Additional latency approach¶
A quick overview of what ocp-network-split does to introduce latency among nodes of different cluster zones.
Network latency script¶
Latency between nodes from different zones is introduced by setting up netem qdisc egress traffic queue on each node of the cluster so that packets targeted to nodes in other zones flows through a netem qdisc which introduces given delay. This means that for latency to be introduced for incoming packets as well, it’s necessary to setup netem introduced latency on all nodes of the cluster(s) and the total RTT (round-trip time) added this way equals two times the specified delay.

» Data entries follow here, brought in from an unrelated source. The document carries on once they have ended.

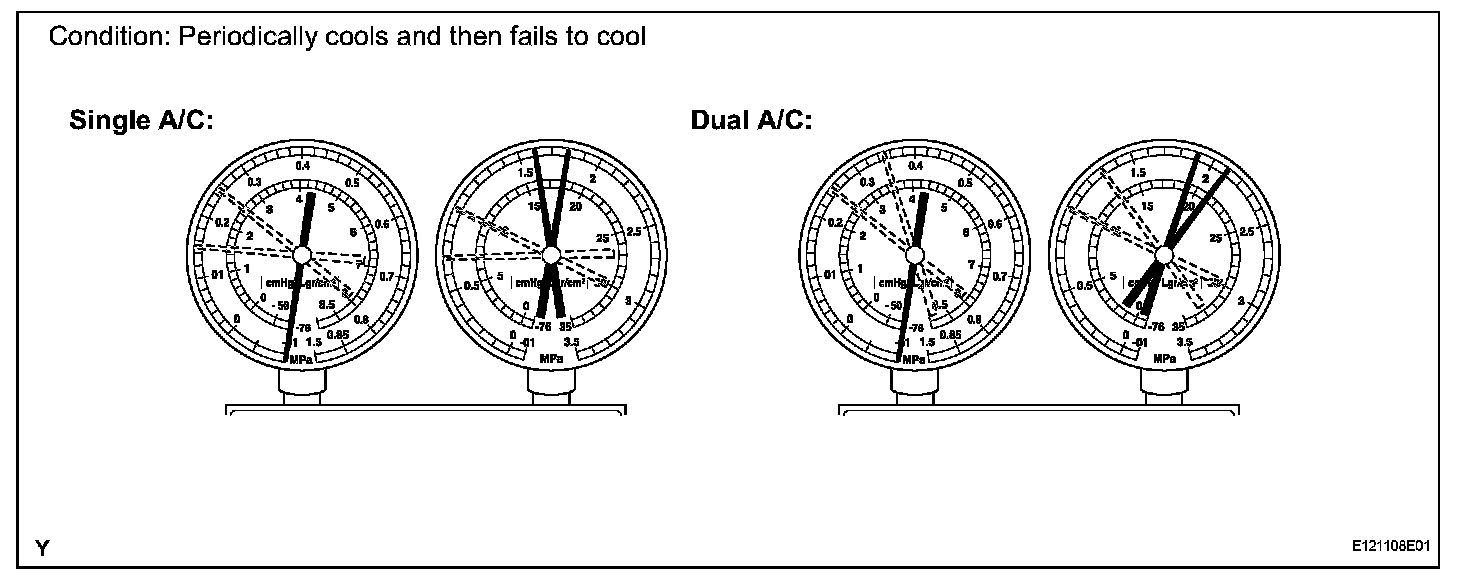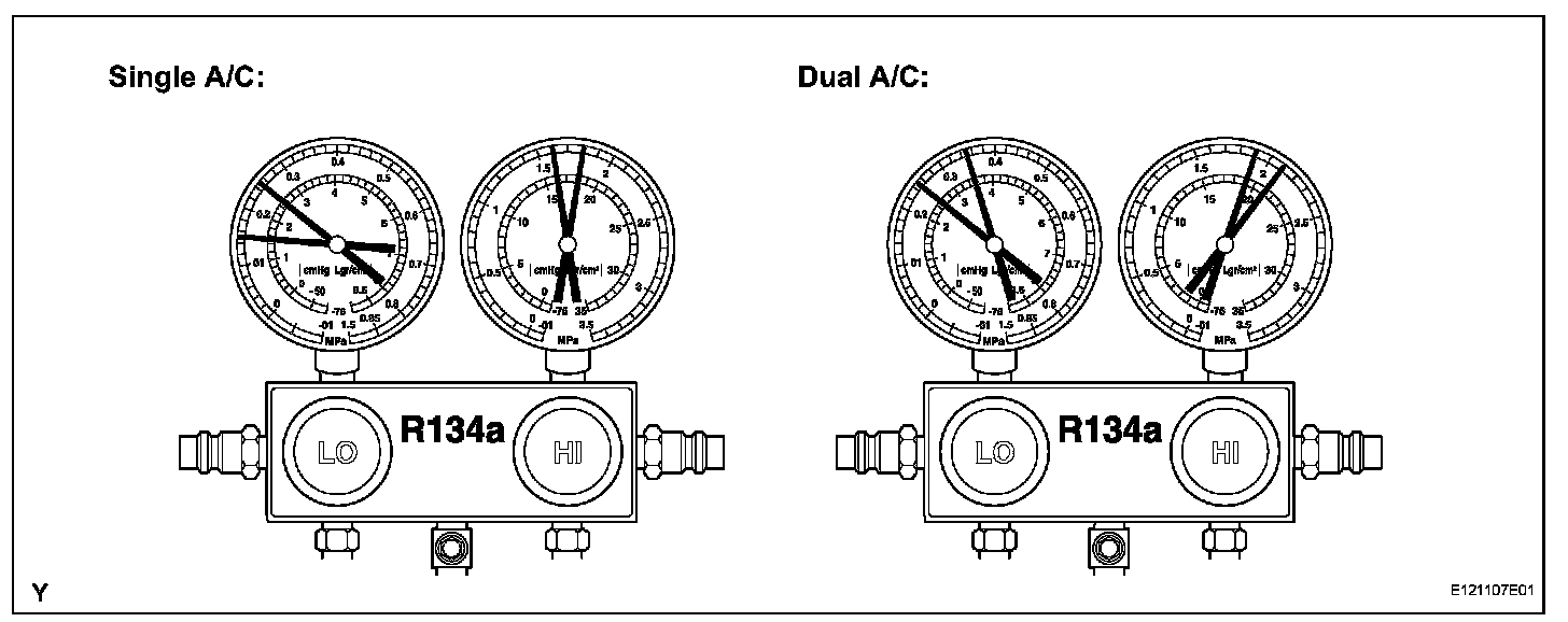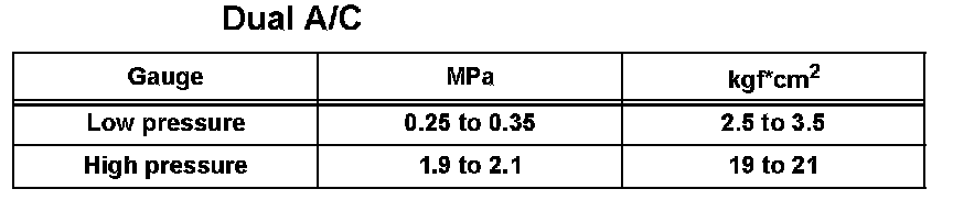 a. This is a method for checking the A/C system by using a manifold gauge set. Read the manifold gauge pressure when the conditions below are met. Test conditions:
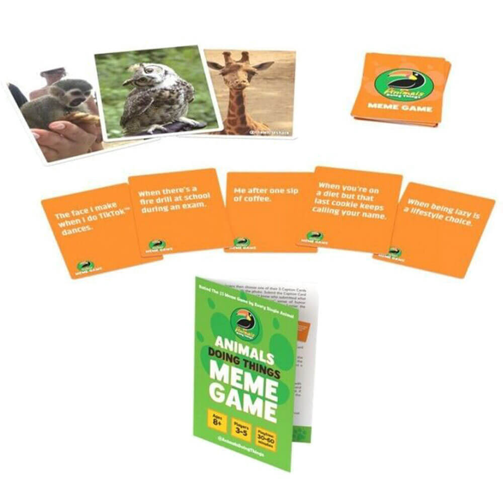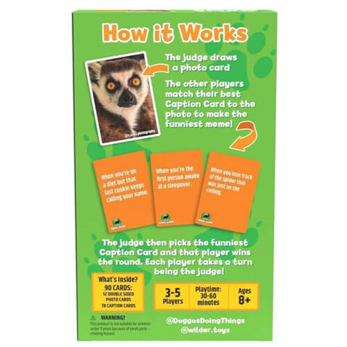 • Leveres med sjove dobbeltsidede fotokort og det sjoveste billedtekst. Par kortene sammen for at få memes, som vil få dommeren til at grine.
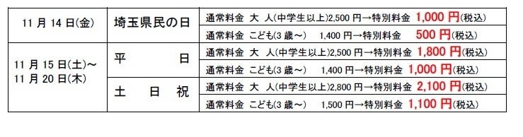 同施設では、11月14日の埼玉県民の日に合わせて「勝手に埼玉県民割!」を実施。
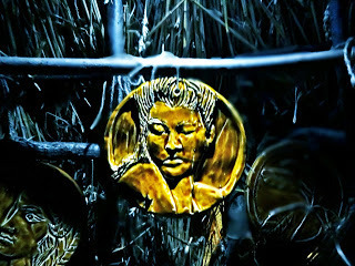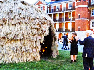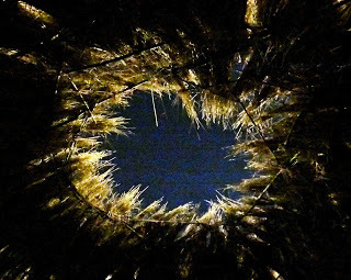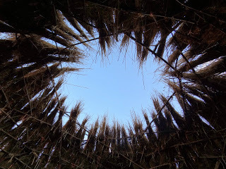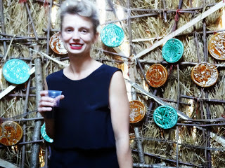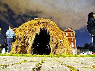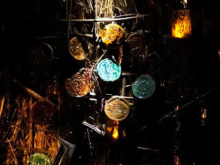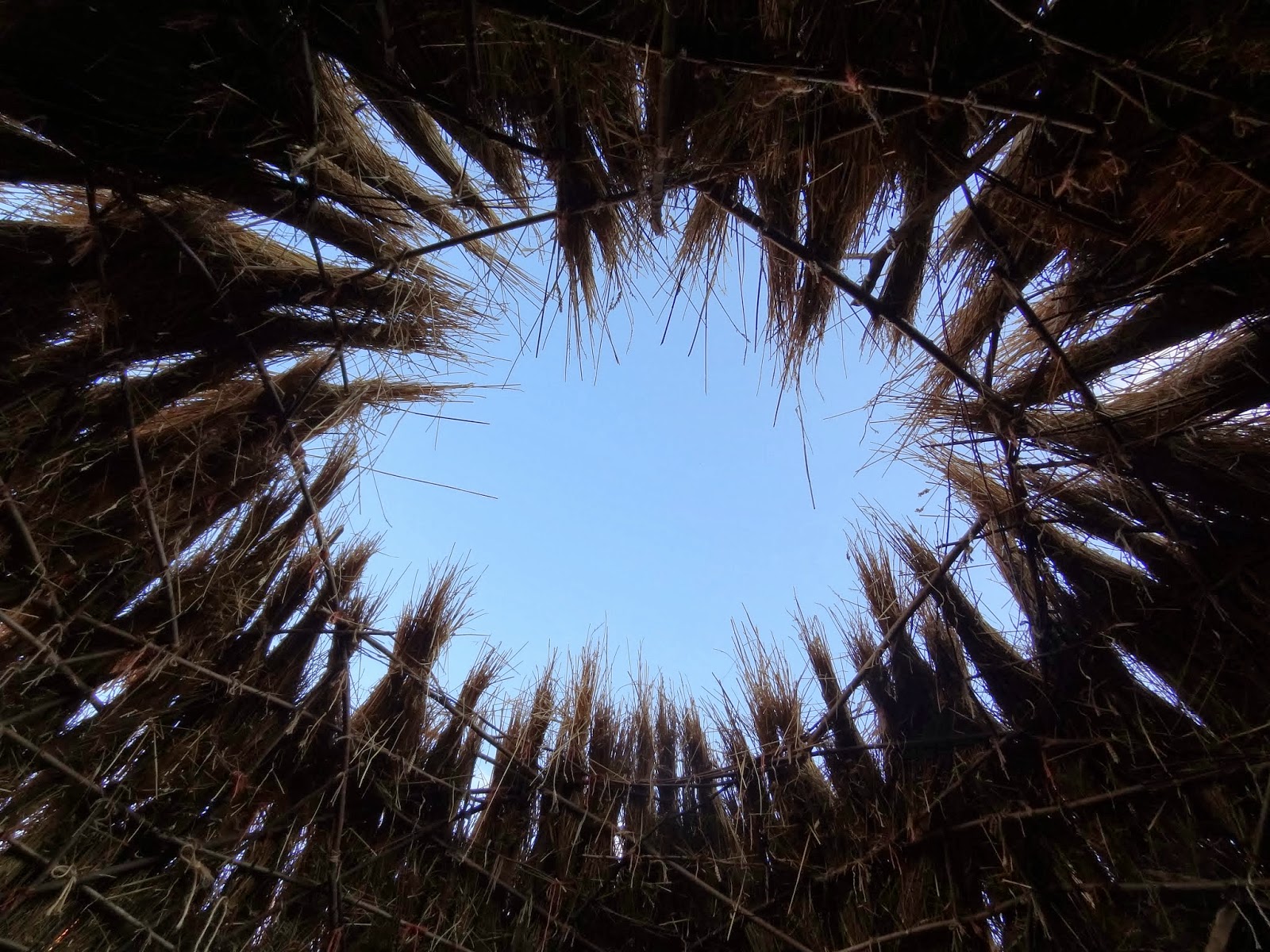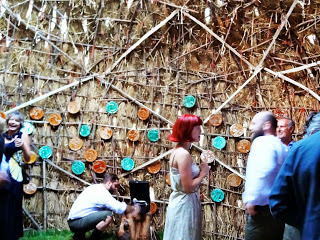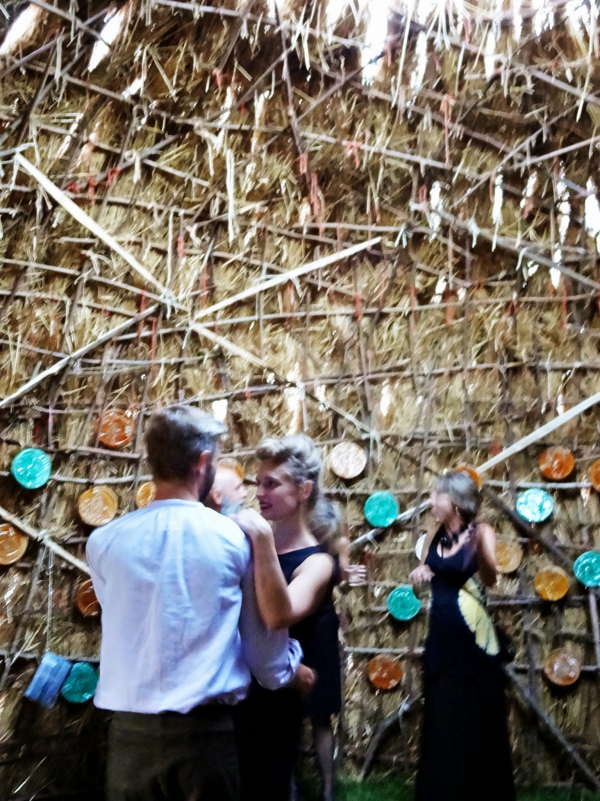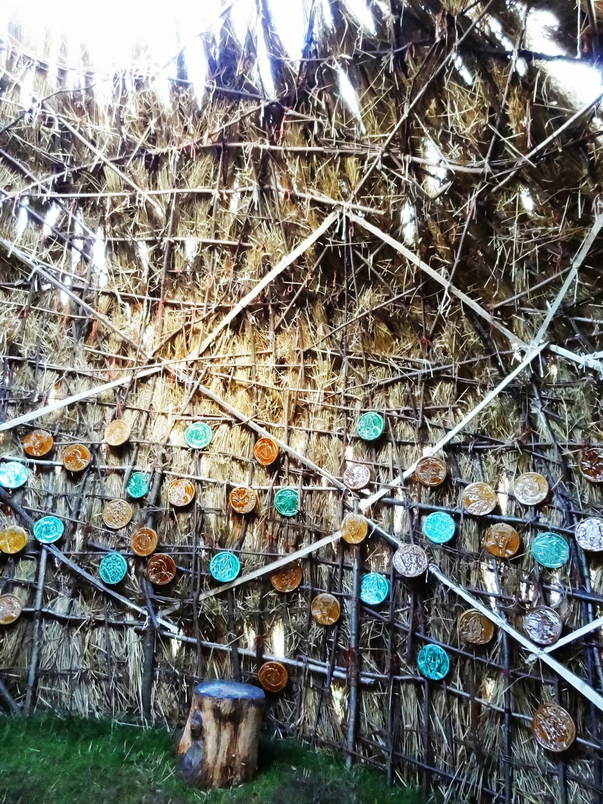 When you walk in, you'll see tons of earthenware ornaments (handmade by Necole) hung up in the room, all representing different aspects of Necole's memories. Above, there is a skylight. Necole built the entire structure, gathering hay and wood from the English countryside.

This setup is implemented in network-latency.sh script, which consumes
requested delay latency in miliseconds (half of RTT) as a command line
argument. Zone configuration and detection are handled in the same way as in
network-latency.sh script (in fact, both scripts share this part).
One can see what changes will be introduced via -d option, which
makes the script report what it would do instead of performing the setup:
$ export ZONE_A="198.51.100.199"
$ export ZONE_B="198.51.100.109 198.51.100.96 198.51.100.97 198.51.100.99"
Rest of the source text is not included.